WORK TO COMPLETE
Please retype the entries that follow exactly as they are, leaving the images behind.

Collected data entries
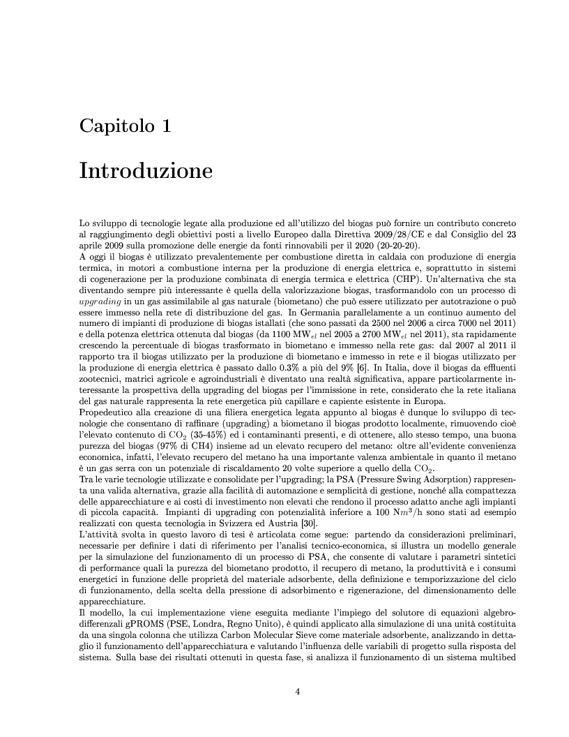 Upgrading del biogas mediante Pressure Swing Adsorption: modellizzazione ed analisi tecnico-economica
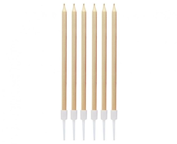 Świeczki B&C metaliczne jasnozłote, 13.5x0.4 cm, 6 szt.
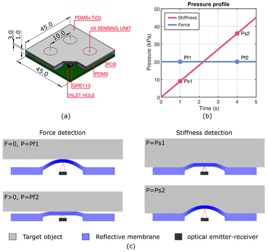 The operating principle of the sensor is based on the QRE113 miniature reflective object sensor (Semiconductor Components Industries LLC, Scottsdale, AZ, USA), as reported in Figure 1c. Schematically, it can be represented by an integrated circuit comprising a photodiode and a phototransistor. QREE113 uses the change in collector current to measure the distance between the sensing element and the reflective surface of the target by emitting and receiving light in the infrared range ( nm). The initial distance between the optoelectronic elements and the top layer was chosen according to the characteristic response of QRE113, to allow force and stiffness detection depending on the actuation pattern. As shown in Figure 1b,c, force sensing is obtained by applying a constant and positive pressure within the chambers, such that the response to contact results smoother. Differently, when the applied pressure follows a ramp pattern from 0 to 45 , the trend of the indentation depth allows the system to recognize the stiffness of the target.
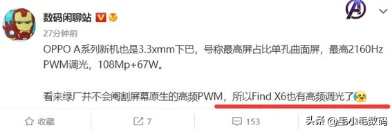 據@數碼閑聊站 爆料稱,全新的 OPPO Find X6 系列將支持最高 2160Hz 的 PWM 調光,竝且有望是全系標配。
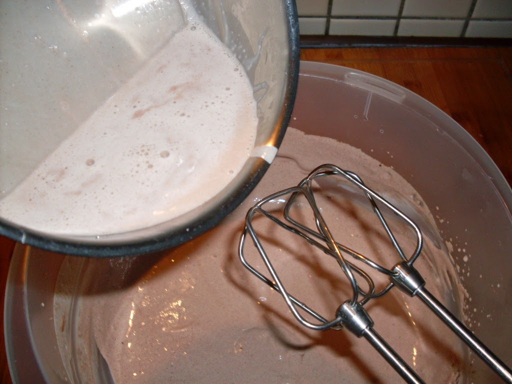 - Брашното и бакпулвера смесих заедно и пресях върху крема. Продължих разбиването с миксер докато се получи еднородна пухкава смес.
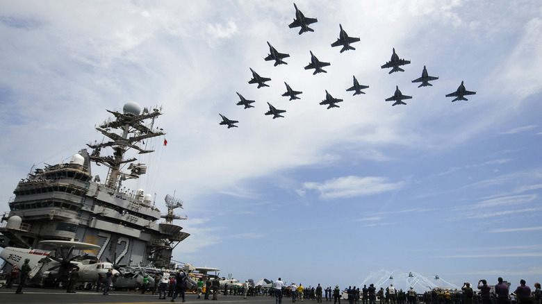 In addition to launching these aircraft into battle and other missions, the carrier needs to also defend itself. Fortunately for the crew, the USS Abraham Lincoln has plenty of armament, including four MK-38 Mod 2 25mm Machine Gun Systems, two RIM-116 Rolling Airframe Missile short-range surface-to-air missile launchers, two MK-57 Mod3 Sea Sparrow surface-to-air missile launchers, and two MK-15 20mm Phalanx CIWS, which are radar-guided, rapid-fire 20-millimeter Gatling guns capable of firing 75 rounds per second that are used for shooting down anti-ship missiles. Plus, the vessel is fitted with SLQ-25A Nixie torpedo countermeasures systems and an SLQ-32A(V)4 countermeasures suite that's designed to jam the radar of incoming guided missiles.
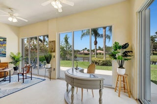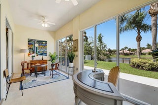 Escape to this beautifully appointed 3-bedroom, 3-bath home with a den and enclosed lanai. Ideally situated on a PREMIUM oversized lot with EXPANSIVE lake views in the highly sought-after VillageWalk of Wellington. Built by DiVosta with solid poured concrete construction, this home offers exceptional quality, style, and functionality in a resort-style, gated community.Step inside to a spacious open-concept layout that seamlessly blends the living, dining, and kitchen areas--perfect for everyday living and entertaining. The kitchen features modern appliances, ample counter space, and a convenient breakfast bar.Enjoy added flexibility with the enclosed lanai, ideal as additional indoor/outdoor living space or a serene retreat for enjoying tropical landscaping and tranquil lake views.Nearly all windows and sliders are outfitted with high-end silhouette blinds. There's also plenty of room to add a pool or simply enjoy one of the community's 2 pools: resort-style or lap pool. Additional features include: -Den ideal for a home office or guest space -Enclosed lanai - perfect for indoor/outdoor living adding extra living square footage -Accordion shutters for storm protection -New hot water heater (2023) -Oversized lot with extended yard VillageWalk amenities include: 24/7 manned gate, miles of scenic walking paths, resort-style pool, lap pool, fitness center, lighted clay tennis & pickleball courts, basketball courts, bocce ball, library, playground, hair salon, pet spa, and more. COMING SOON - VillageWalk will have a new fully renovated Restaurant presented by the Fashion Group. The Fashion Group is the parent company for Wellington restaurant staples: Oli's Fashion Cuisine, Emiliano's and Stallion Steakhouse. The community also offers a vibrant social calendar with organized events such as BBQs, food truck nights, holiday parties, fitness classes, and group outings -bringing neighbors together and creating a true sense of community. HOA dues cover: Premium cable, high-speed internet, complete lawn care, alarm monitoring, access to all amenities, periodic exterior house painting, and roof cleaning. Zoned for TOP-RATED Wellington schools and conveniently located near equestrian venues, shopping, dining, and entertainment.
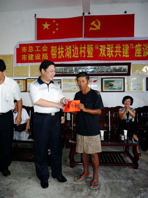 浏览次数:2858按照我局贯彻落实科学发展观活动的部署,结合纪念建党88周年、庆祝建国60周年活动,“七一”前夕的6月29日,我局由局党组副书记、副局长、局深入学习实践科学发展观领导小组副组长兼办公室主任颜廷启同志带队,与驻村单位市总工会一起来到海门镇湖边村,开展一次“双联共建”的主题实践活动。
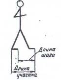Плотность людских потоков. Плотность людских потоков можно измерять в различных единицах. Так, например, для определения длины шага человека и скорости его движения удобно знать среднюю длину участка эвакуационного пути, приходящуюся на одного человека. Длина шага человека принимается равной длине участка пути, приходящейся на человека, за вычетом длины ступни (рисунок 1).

WRITTEN ANSWER
 Upgrading del biogas mediante Pressure Swing Adsorption: modellizzazione ed analisi tecnico-economica
 Świeczki B&C metaliczne jasnozłote, 13.5x0.4 cm, 6 szt.
 The operating principle of the sensor is based on the QRE113 miniature reflective object sensor (Semiconductor Components Industries LLC, Scottsdale, AZ, USA), as reported in Figure 1c. Schematically, it can be represented by an integrated circuit comprising a photodiode and a phototransistor. QREE113 uses the change in collector current to measure the distance between the sensing element and the reflective surface of the target by emitting and receiving light in the infrared range ( nm). The initial distance between the optoelectronic elements and the top layer was chosen according to the characteristic response of QRE113, to allow force and stiffness detection depending on the actuation pattern. As shown in Figure 1b,c, force sensing is obtained by applying a constant and positive pressure within the chambers, such that the response to contact results smoother. Differently, when the applied pressure follows a ramp pattern from 0 to 45 , the trend of the indentation depth allows the system to recognize the stiffness of the target.
 據@數碼閑聊站 爆料稱,全新的 OPPO Find X6 系列將支持最高 2160Hz 的 PWM 調光,竝且有望是全系標配。
 - Брашното и бакпулвера смесих заедно и пресях върху крема. Продължих разбиването с миксер докато се получи еднородна пухкава смес.
 In addition to launching these aircraft into battle and other missions, the carrier needs to also defend itself. Fortunately for the crew, the USS Abraham Lincoln has plenty of armament, including four MK-38 Mod 2 25mm Machine Gun Systems, two RIM-116 Rolling Airframe Missile short-range surface-to-air missile launchers, two MK-57 Mod3 Sea Sparrow surface-to-air missile launchers, and two MK-15 20mm Phalanx CIWS, which are radar-guided, rapid-fire 20-millimeter Gatling guns capable of firing 75 rounds per second that are used for shooting down anti-ship missiles. Plus, the vessel is fitted with SLQ-25A Nixie torpedo countermeasures systems and an SLQ-32A(V)4 countermeasures suite that's designed to jam the radar of incoming guided missiles.
 Escape to this beautifully appointed 3-bedroom, 3-bath home with a den and enclosed lanai. Ideally situated on a PREMIUM oversized lot with EXPANSIVE lake views in the highly sought-after VillageWalk of Wellington. Built by DiVosta with solid poured concrete construction, this home offers exceptional quality, style, and functionality in a resort-style, gated community.Step inside to a spacious open-concept layout that seamlessly blends the living, dining, and kitchen areas--perfect for everyday living and entertaining. The kitchen features modern appliances, ample counter space, and a convenient breakfast bar.Enjoy added flexibility with the enclosed lanai, ideal as additional indoor/outdoor living space or a serene retreat for enjoying tropical landscaping and tranquil lake views.Nearly all windows and sliders are outfitted with high-end silhouette blinds. There's also plenty of room to add a pool or simply enjoy one of the community's 2 pools: resort-style or lap pool. Additional features include: -Den ideal for a home office or guest space -Enclosed lanai - perfect for indoor/outdoor living adding extra living square footage -Accordion shutters for storm protection -New hot water heater (2023) -Oversized lot with extended yard VillageWalk amenities include: 24/7 manned gate, miles of scenic walking paths, resort-style pool, lap pool, fitness center, lighted clay tennis & pickleball courts, basketball courts, bocce ball, library, playground, hair salon, pet spa, and more. COMING SOON - VillageWalk will have a new fully renovated Restaurant presented by the Fashion Group. The Fashion Group is the parent company for Wellington restaurant staples: Oli's Fashion Cuisine, Emiliano's and Stallion Steakhouse. The community also offers a vibrant social calendar with organized events such as BBQs, food truck nights, holiday parties, fitness classes, and group outings -bringing neighbors together and creating a true sense of community. HOA dues cover: Premium cable, high-speed internet, complete lawn care, alarm monitoring, access to all amenities, periodic exterior house painting, and roof cleaning. Zoned for TOP-RATED Wellington schools and conveniently located near equestrian venues, shopping, dining, and entertainment.
 浏览次数:2858按照我局贯彻落实科学发展观活动的部署,结合纪念建党88周年、庆祝建国60周年活动,“七一”前夕的6月29日,我局由局党组副书记、副局长、局深入学习实践科学发展观领导小组副组长兼办公室主任颜廷启同志带队,与驻村单位市总工会一起来到海门镇湖边村,开展一次“双联共建”的主题实践活动。
Плотность людских потоков. Плотность людских потоков можно измерять в различных единицах. Так, например, для определения длины шага человека и скорости его движения удобно знать среднюю длину участка эвакуационного пути, приходящуюся на одного человека. Длина шага человека принимается равной длине участка пути, приходящейся на человека, за вычетом длины ступни (рисунок 1).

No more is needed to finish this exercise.